This is just an incredible, mind-blowing view on the role of editing in writing. It’s almost like he doesn’t see the point of it. I can imagine that he might be skeptical of it, having been edited so heavily earlier in his career only to receive a lighter touch once he made it big. It must feel like those initial edits were all made mistakenly. But as mentioned previously, The New Yorker is still editing him. Even his nonfiction.

– I’m amazed by how many faxes Murakami and Luke (and everyone else!) were sending to each other. I think that’s something that my generation missed. My first memories of fax machines are the daily spam marketing advertisements we would receive at the first part time job I ever had. Email killed off the practicality of the fax (but not the security) pretty quickly. I imagine there was a period in the 80s and 90s after email started being used more widely when fax still made the most sense as a communication channel.

– There are several mentions of very early publications of Murakami translations, notably Philip Gabriel’s translation of “Kangaroo Communique” published in ZZYZYVA and (new to me) “On Meeting My 100% Woman One Final April Morning” by Kevin Flanagan/Tamotsu Omi. I’ve always wonder how Gabriel worked out the translation rights to publish this one. It isn’t mentioned here.

– Murakami says he doesn’t like “The Last Lawn of the Afternoon.” That story has such a mood. I haven’t read it for a while but remember enjoying it.

– Karashima does a nice job of emphasizing how Murakami arranged translation of The Wind-Up Bird Chronicle before it was published in Japanese. This reduced the publication time between his translations to the three years from Dance Dance Dance (1994) to WUBC (1997).

– Fascinating: “Murakami also tells me that he is particularly keen on seeing new versions of the works originally translated by Birnbaum for the American market.” (213)

– Even more fascinating! “The unabridged translation [of The Wind-Up Bird Chronicle] donated by Rubin to the Lilly Library [at Indiana University] will be made accessible in 2026.” (227) The book doesn’t seem to specify how this will happen, and Knopf seems hesitant but open to the idea, based on a few quotes in the book.
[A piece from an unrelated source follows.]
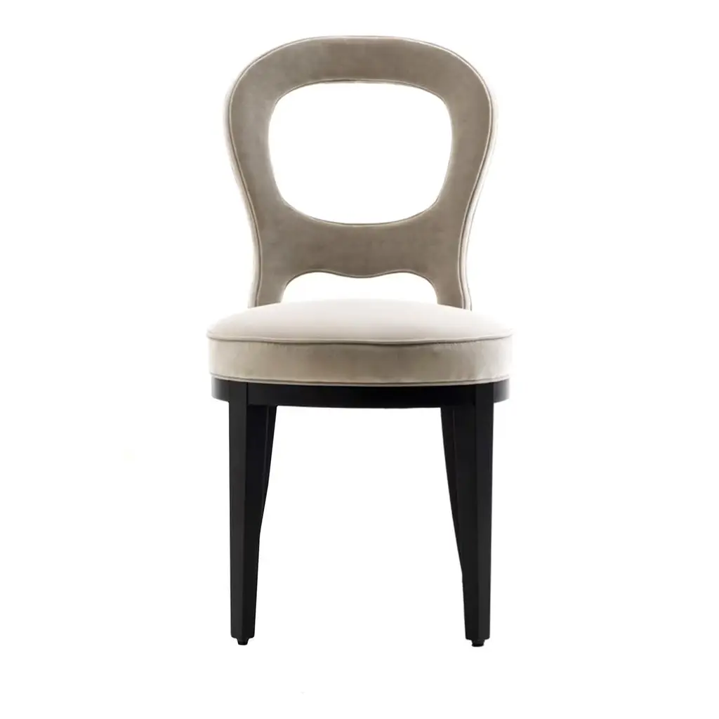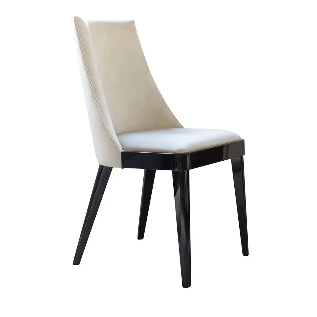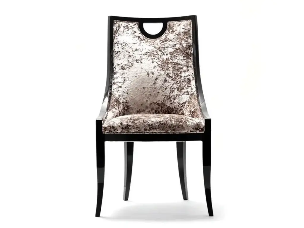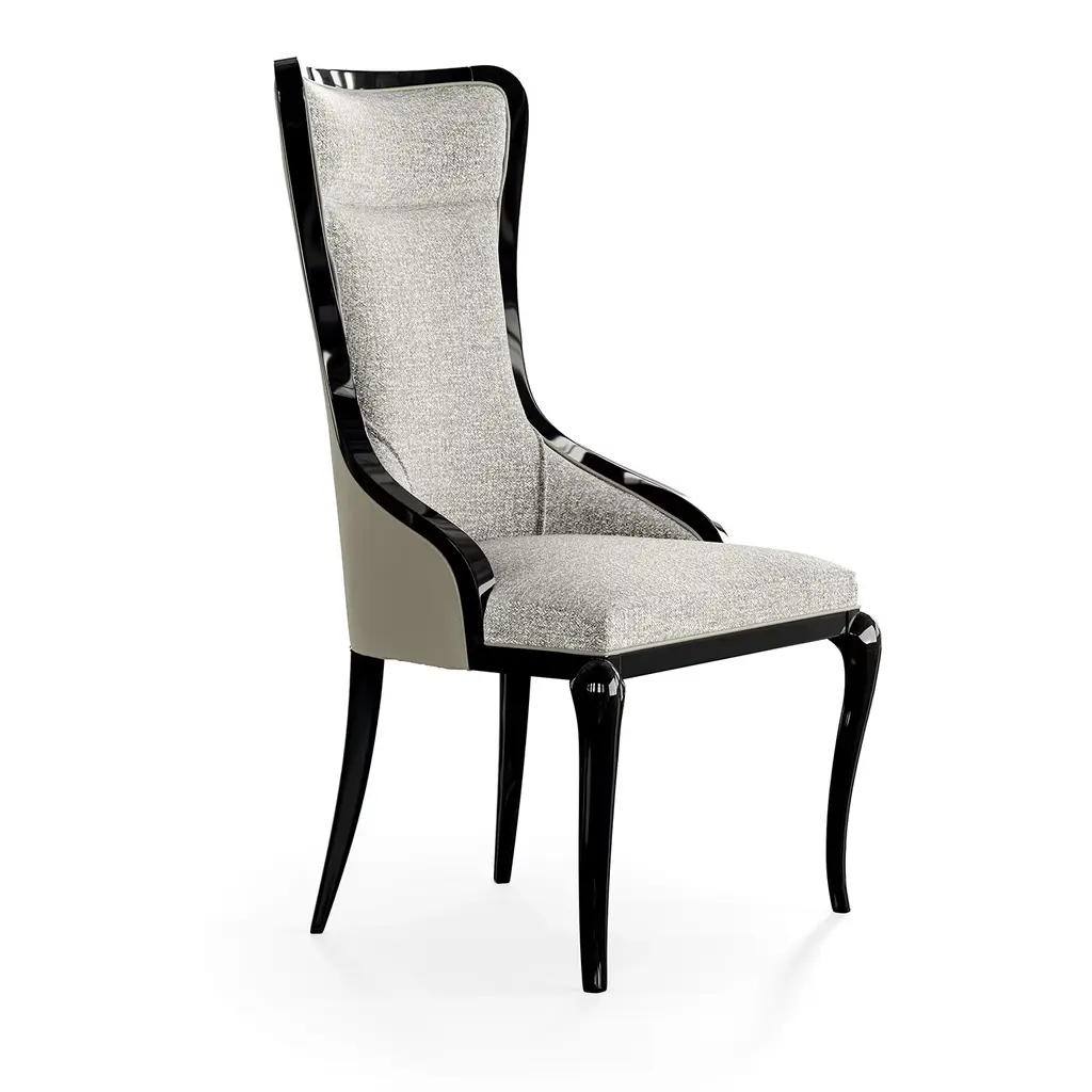 An elegant complement to a dining room or living room decor of modern sophistication, this chair will make for an exquisite head-of-the-table as well as the perfect lieu to enjoy a good book. Handmade of polished black wood, its sinuous and elegant silhouette is enriched with a gorgeous beige patterned fabric upholstery.

– The book takes the publication of The Wind-Up Bird Chronicle as its endpoint, so the criticism of the book gets quoted somewhat liberally, and I find myself impressed with Michiko Kakutani’s thoughts at the time of publication: “‘Wind-Up Bird often seems so messy that its refusal of closure feels less like an artistic choice than simple laziness, a reluctance on the part of the author to run his manuscript through the typewriter (or computer) one last time.” Karashima follows this quote with other critics who seem to admit that WUBC is messy but say that it doesn’t matter. I’ve made it clear that I think WUBC only looks worse as Murakami continues to put out long novels that are poorly edited.

I’m noticing from those links that I predicted a short Murakami book in 2021 or a long book in 2024/2025. He put out a collection of short stories this year, so maybe that tides us over for a 2022/2023 publication of a longer novel. Will be interesting to see, and to see if it sheds any light on the rest of his works.

– One of the quotes that convinced me to read this book was David Mitchell’s quote: “[A Wild Sheep Chase’s] characters were existentially untethered. They lived in bars, coffee shops and tiny rooms with no view to speak of. They worked, had odd conversations, drank beer, slept, and worked. Family rarely entered the picture. They made no plans for their futures. Not unlike English teachers in Japan, now that I think of it.” (235)

– Philip Gabriel and Ted Goosen get short thrift! I imagine this is mostly due to a page/word limit, but I found myself super curious about their backgrounds. I think Mr. Karashima owes us a sequel, or at the very least a lengthy piece in The New Yorker or The Atlantic.

– HUGE REVEAL IN THE ACKNOWLEDGMENTS: Murakami has asked Jay Rubin to do a new translation of Hard-boiled Wonderland and the End of the World! This is really exciting. I can’t wait to see how it ends up.

3 thoughts on “Takeaways from “Who We’re Reading When We’re Reading Murakami”

  1. That quote about editing really is wild. I guess he didn’t get to be Murakami Haruki, International Superstar without some serious confidence in his writing.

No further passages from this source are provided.